Tokenization: connecting disparate datasets (e.g., linking a patient's genomic profile from a specialty lab to their long-term survival data in an insurance claims database) without violating privacy (HIPAA/GDPR).
As the FDA's 2023 guidance on RWE suggests [1], the agency is open to this data—but only if the provenance is clean and the methodology transparent. For the pioneers of emerging modalities, the message is clear: The trial gets you to the starting line, but the real-world evidence gets you to the finish.
References
U.S. Food and Drug Administration. (2023). Considerations for the Use of Real-World Data and Real-World Evidence to Support Regulatory Decision-Making for Drug and Biological Products.

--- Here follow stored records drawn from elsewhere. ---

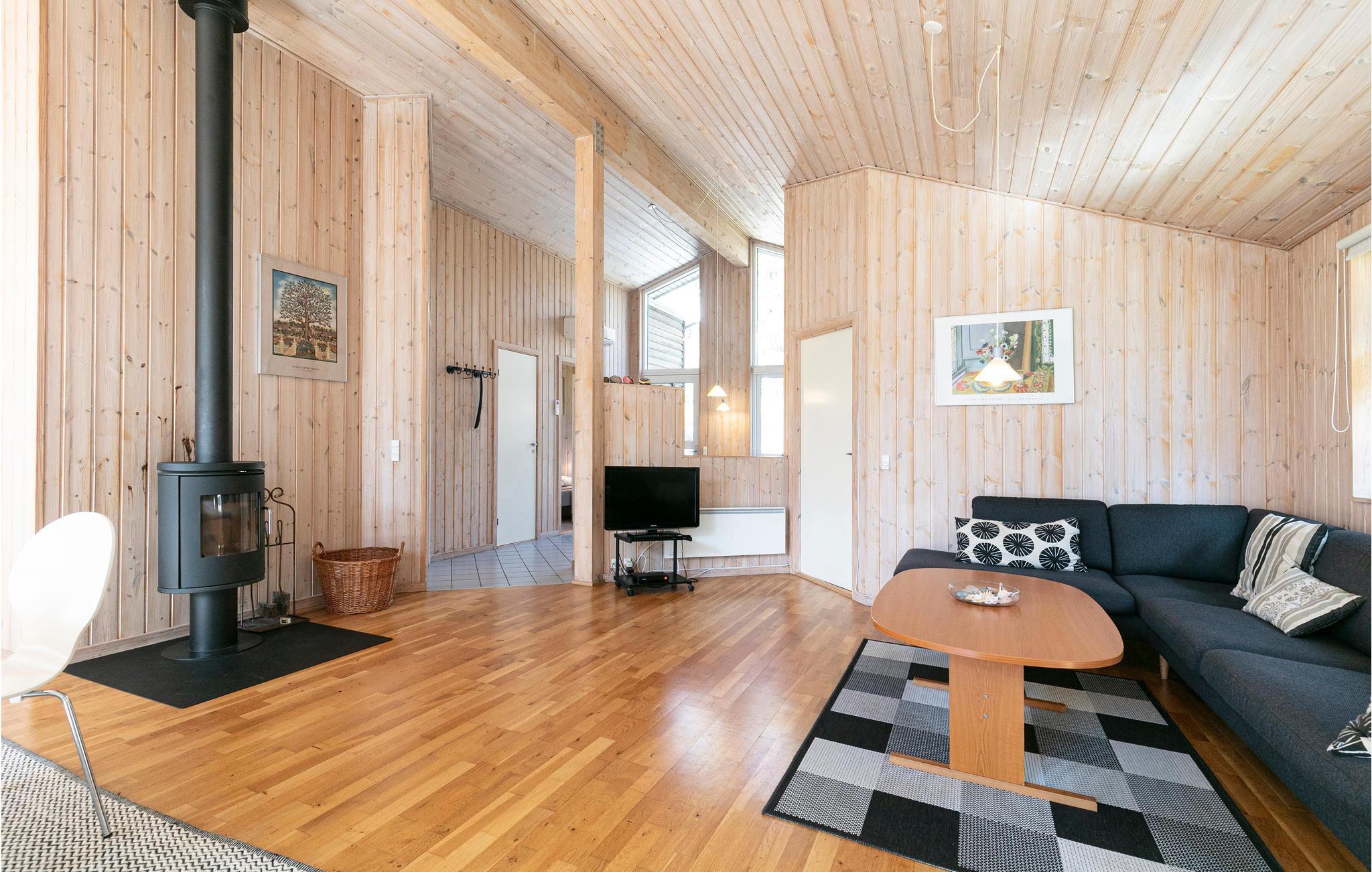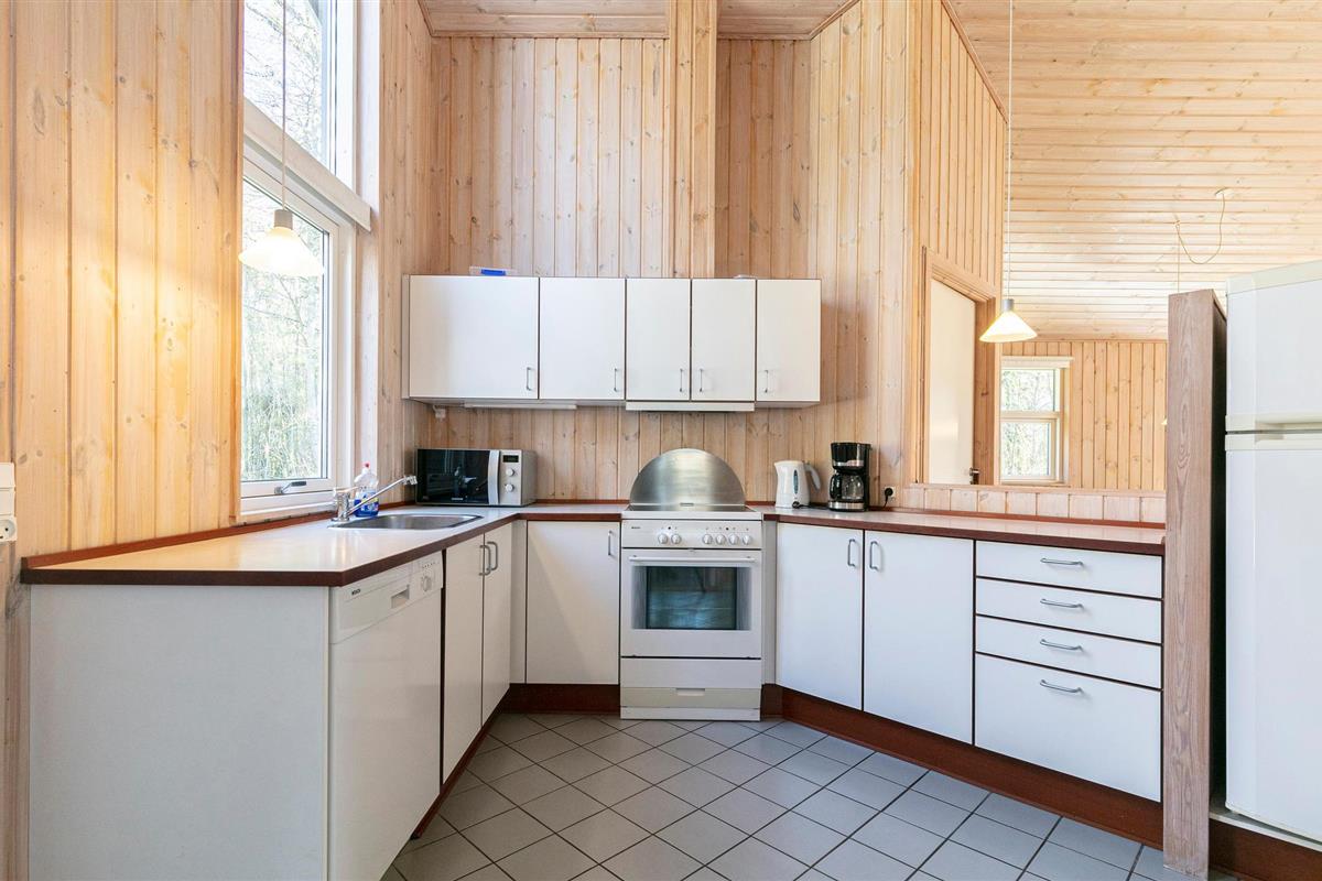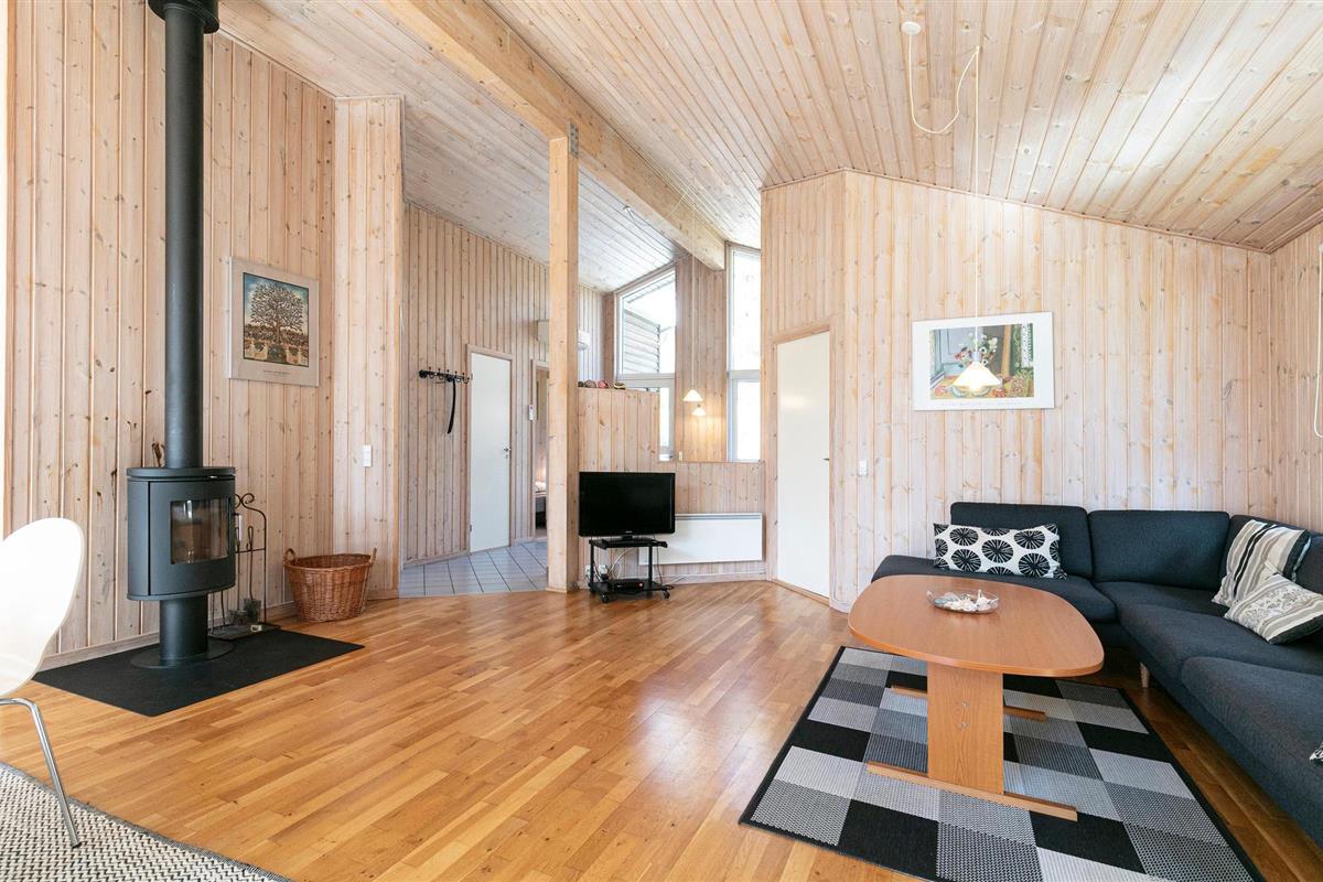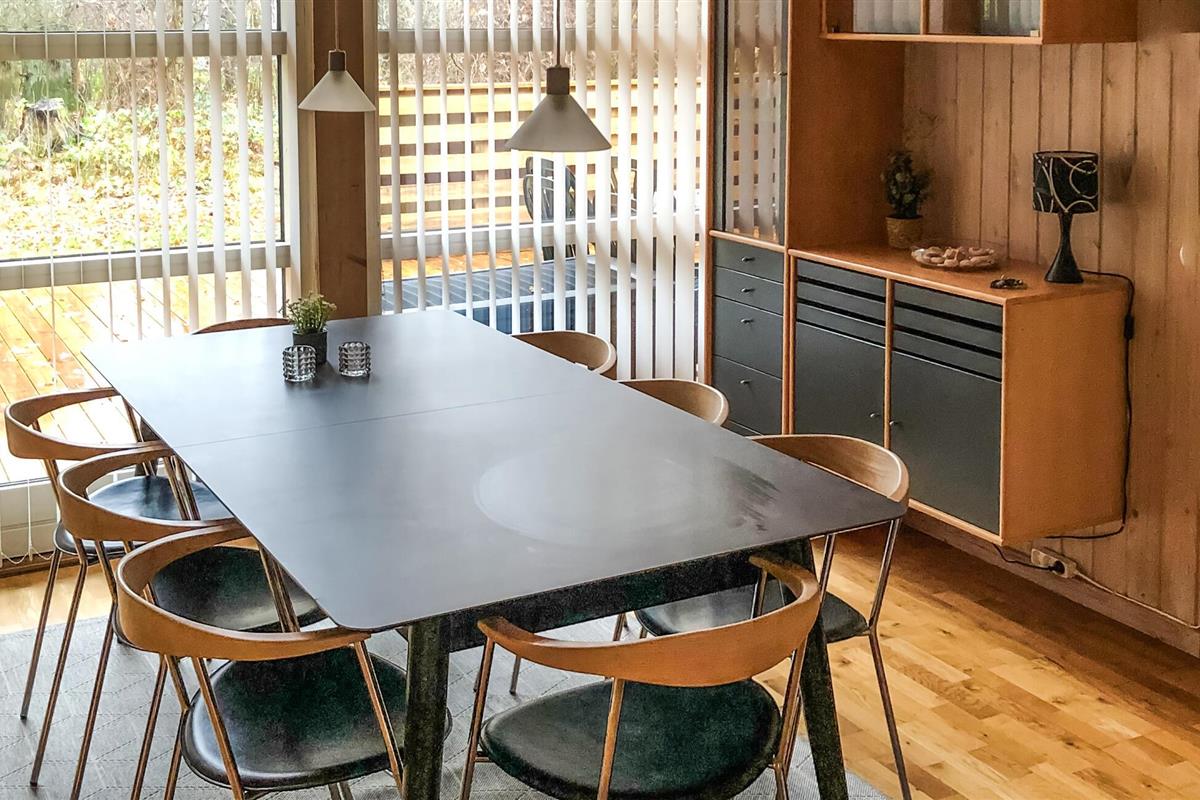 U woont dicht bij het prachtige meer Rubinsø. Het mooie interieur omvat een open keuken waar koken gemakkelijk is. De begane grond biedt veel ruimte en er is ook een aangenaam verwarmende open haard voor koelere dagen. De woonkamer is zeer ruim en biedt uitzicht op de tuin. Er is een in hoogte verstelbare kinderstoel. Het mooie terras ligt direct voor de woonkamer.
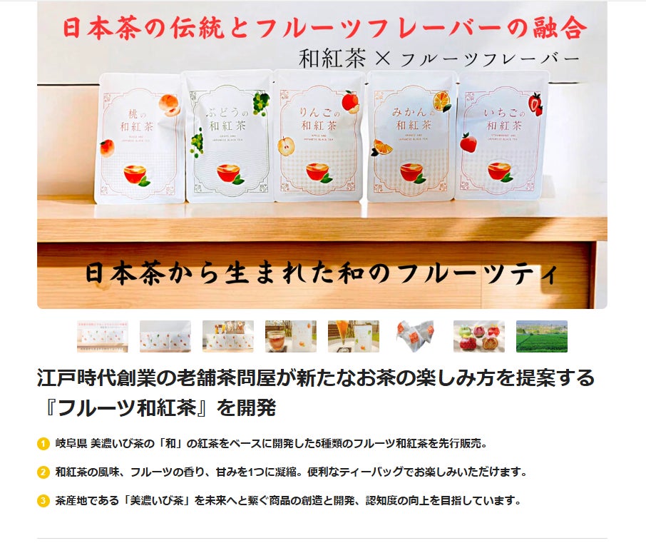 このプロジェクトは、地元の風土と味わいを楽しみながら新しい形の和紅茶を提供して、岐阜県の茶業を未来へ繋ぐ試みです。
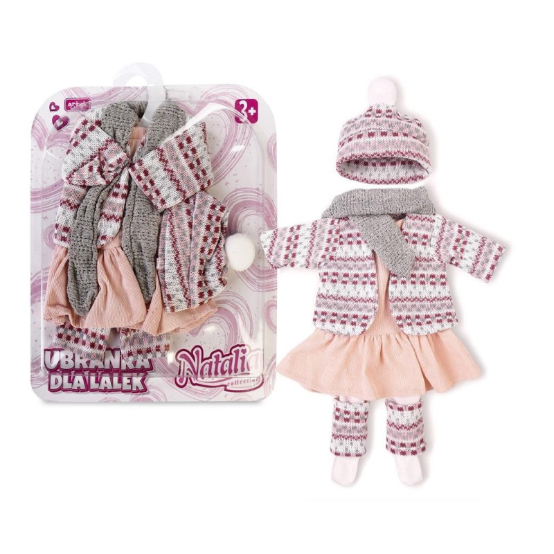 Ubranko dla lalki Natalia składa się z czapki, kurteczki, sukienki, szalika, rajstop oraz getrów. Pasuje na lalkę do 40 cm. Zbierz wszystkie zestawy i twórz z nich własne kreacje (sprzedawane oddzielnie w zależności od dostępności).
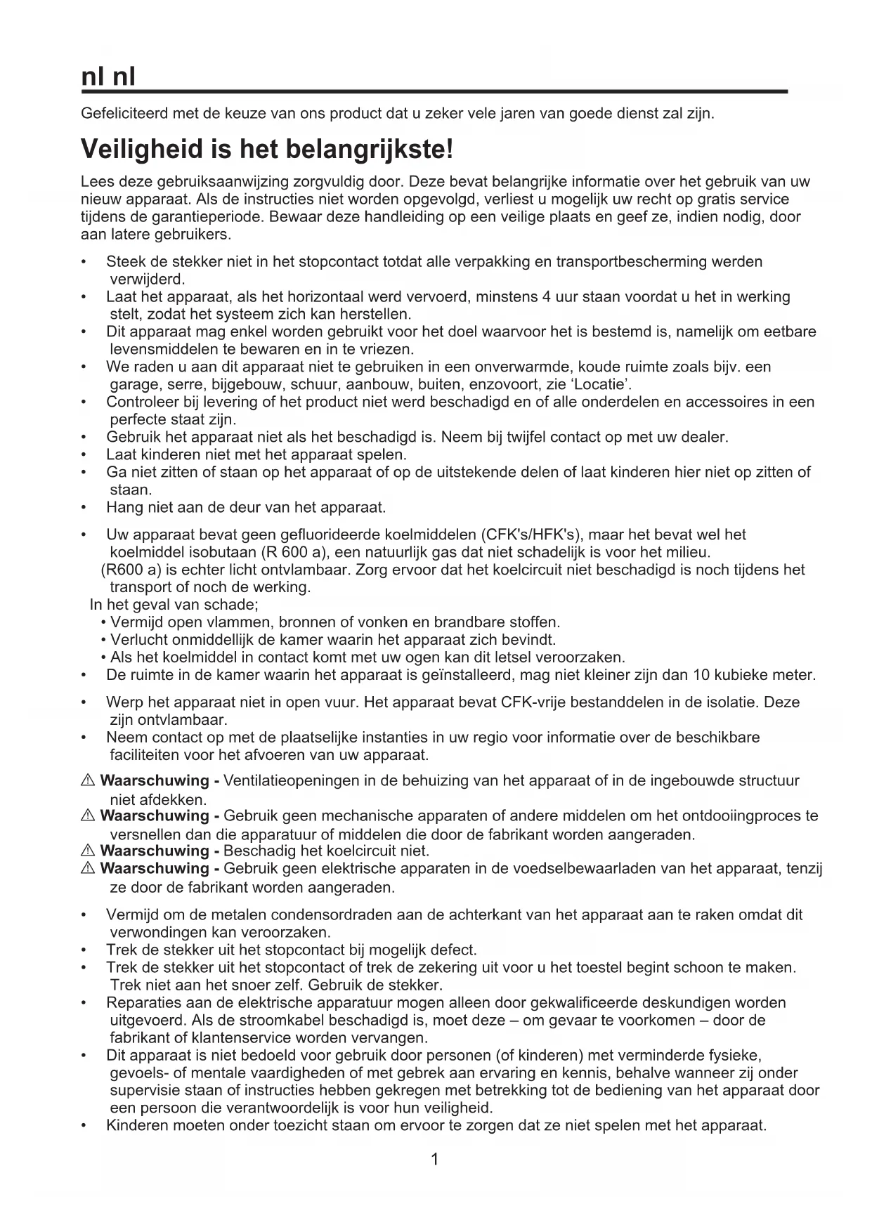 - Uwapparaatbevatgeengefluorideerdekoelmiddelen(CFK's/HFK's),maarhetbevatwelhet koelmiddelisobutaan(R600a),eennatuurlijkgasdatnietschadelijkisvoorhetmilieu. (R600a)isechterlichtontvlambaar.Zorgervoordathetkoelcircuitnietbeschadigdisnochtijdenshet transport of noch de werking. In het geval van schade;
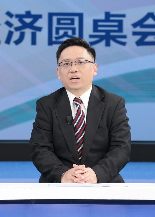 国家移民管理局外国人管理司副司长柳佳在第十七期“中国经济圆桌会”大型全媒体访谈节目录制现场发言。新华社记者 李贺 摄
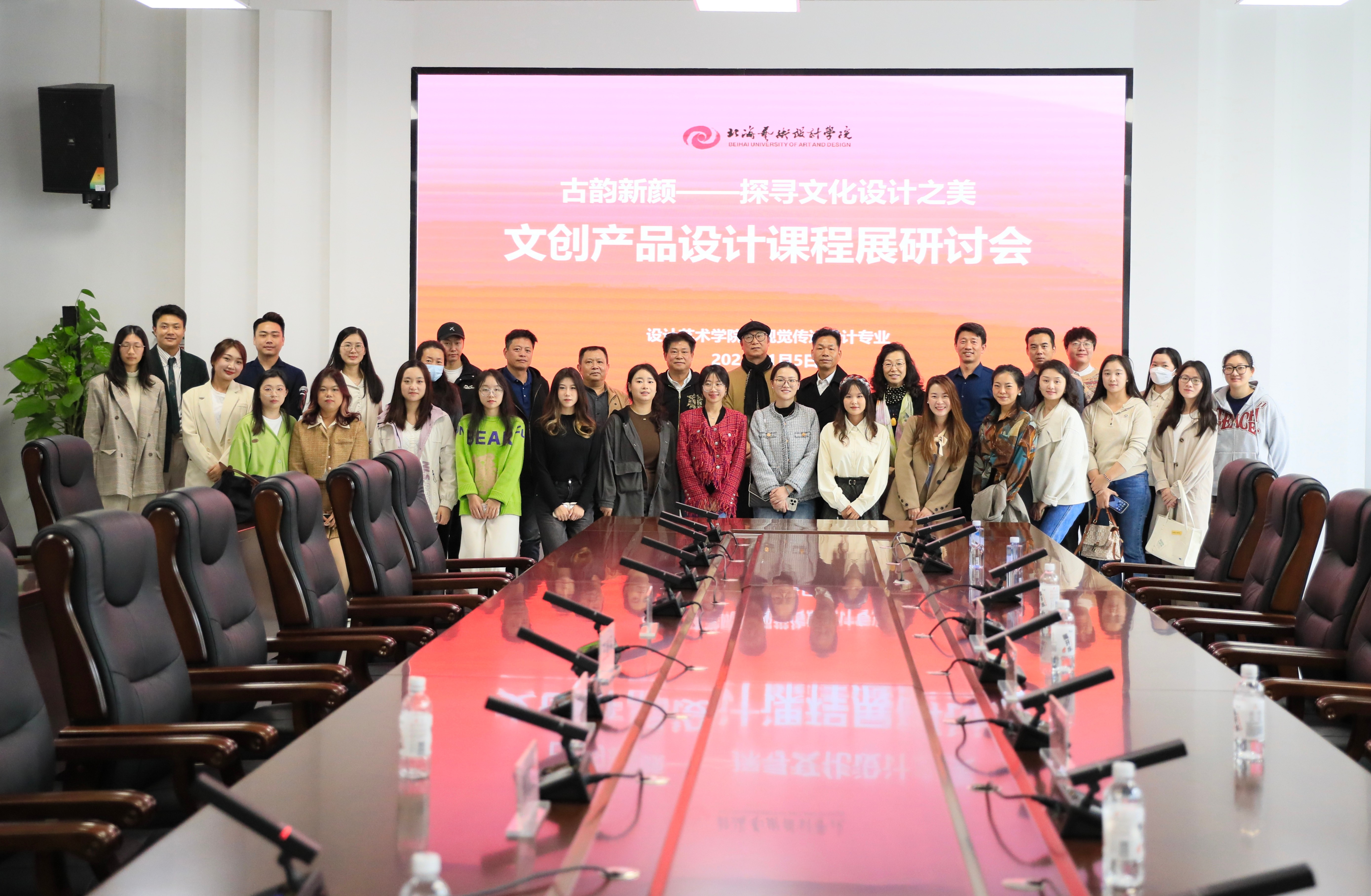 研讨会上,李林平院长就设计艺术学院人才培养模式和文创产品建设情况做了简要介绍。随后,与会嘉宾们相继发言,肯定了学生在文创产品设计课程中取得的成绩和进步,并鼓励同学们在未来的学习和实践中继续发扬创新精神,为北海文化创意产业的发展贡献力量。会议探讨了文创市场现状和企业用人需求状况,校企合作对接行业优秀资源,推动产学研深度融合,是将学科内容进行创新发展和创造转化的有利手段。希望通过此次活动,带领学生了解更加贴近社会真实的设计状态,推动设计艺术学院进一步落实产教融合协同育人、文创校企合作。
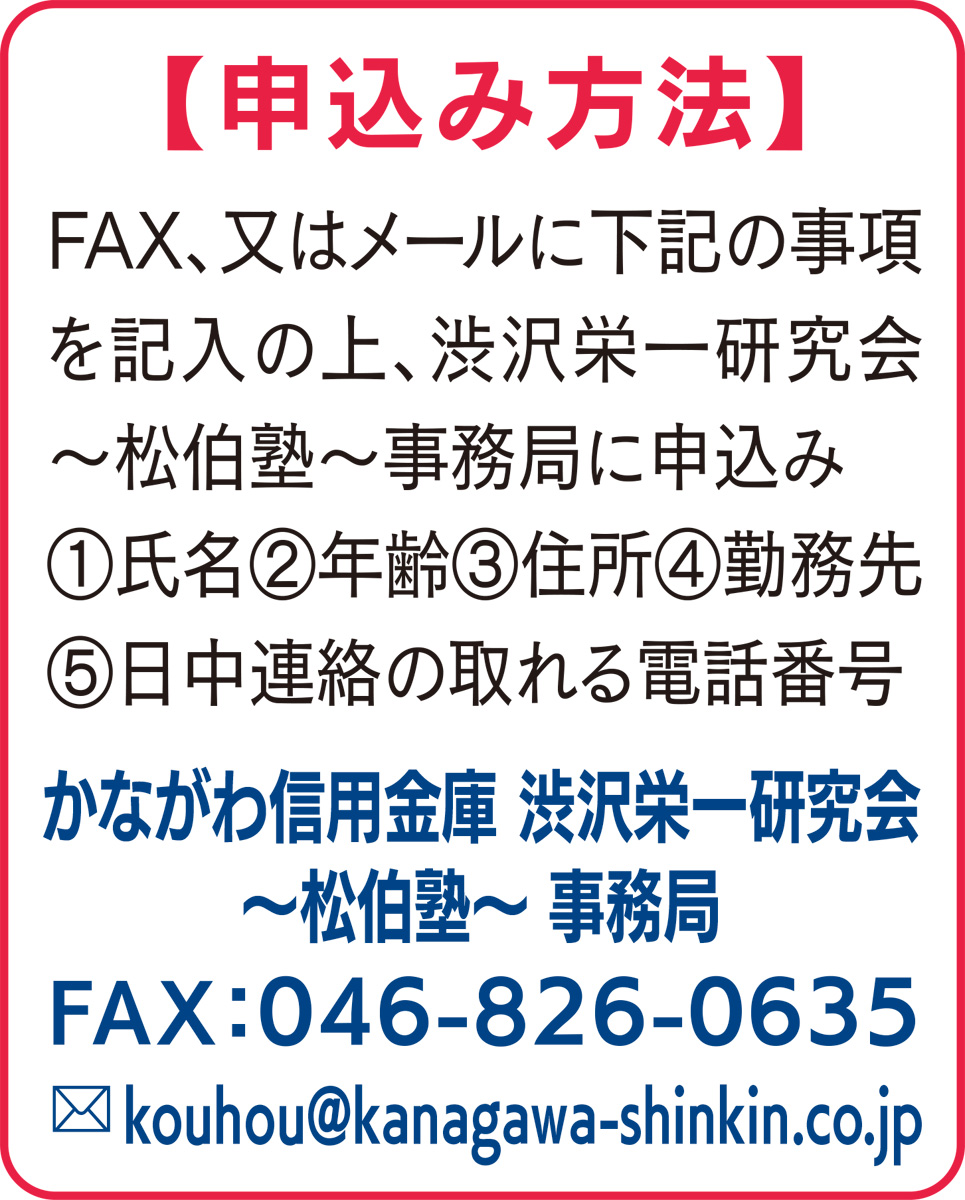 渋沢研究をライフワークとしている同金庫の平松廣司理事長が講師を務める。初回となる9月11日(火)は「『論語と算盤』と現代の経営」をテーマに、渋沢の足跡とその精神を解説する。地域密着の経営を実践する自身の考えなども語る。
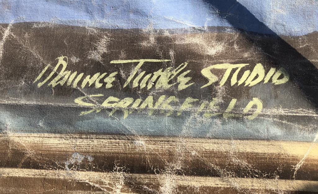 “It is likely that Maurice Tuttle assisted in his father’s (Howard Tuttle) studio in Milwaukee, WI, before working on his own account as a scenic artist. In the early 1900s he traveled widely and worked for a number of companies in various states. Tuttle assisted Jess D. Bonner in Los Angeles in 1907 and worked at Elitch’s Gardens in Denver, CO in 1910. He and his family settled in Springfield, MA in the late 1920s where he produced curtains for the Calvin Theatre and The Academy of Music in Northampton, MA. By the mid-1930s the family had moved to San Diego, CA, where Tuttle continued his career as a scenic artist.” – Curtains Without Borders

Guidance for Industry.
Alipour-Haris, G., et al. (2024). Real-world evidence to support regulatory submissions: A landscape review and assessment of use cases. Clinical and Translational Science, 17(8), e13903.
Hansen, D. K., et al. (2023). Idecabtagene Vicleucel for Relapsed/Refractory Multiple Myeloma: Real-World Experience From the Myeloma CAR T Consortium. Journal of Clinical Oncology, 41(11), 2087-2097.
Moradi Tuchayi, A., et al. (2024). Real-World Experience with 177Lu-PSMA-617 Radioligand Therapy After Food and Drug Administration Approval. Journal of Nuclear Medicine, 65(5), 735-739.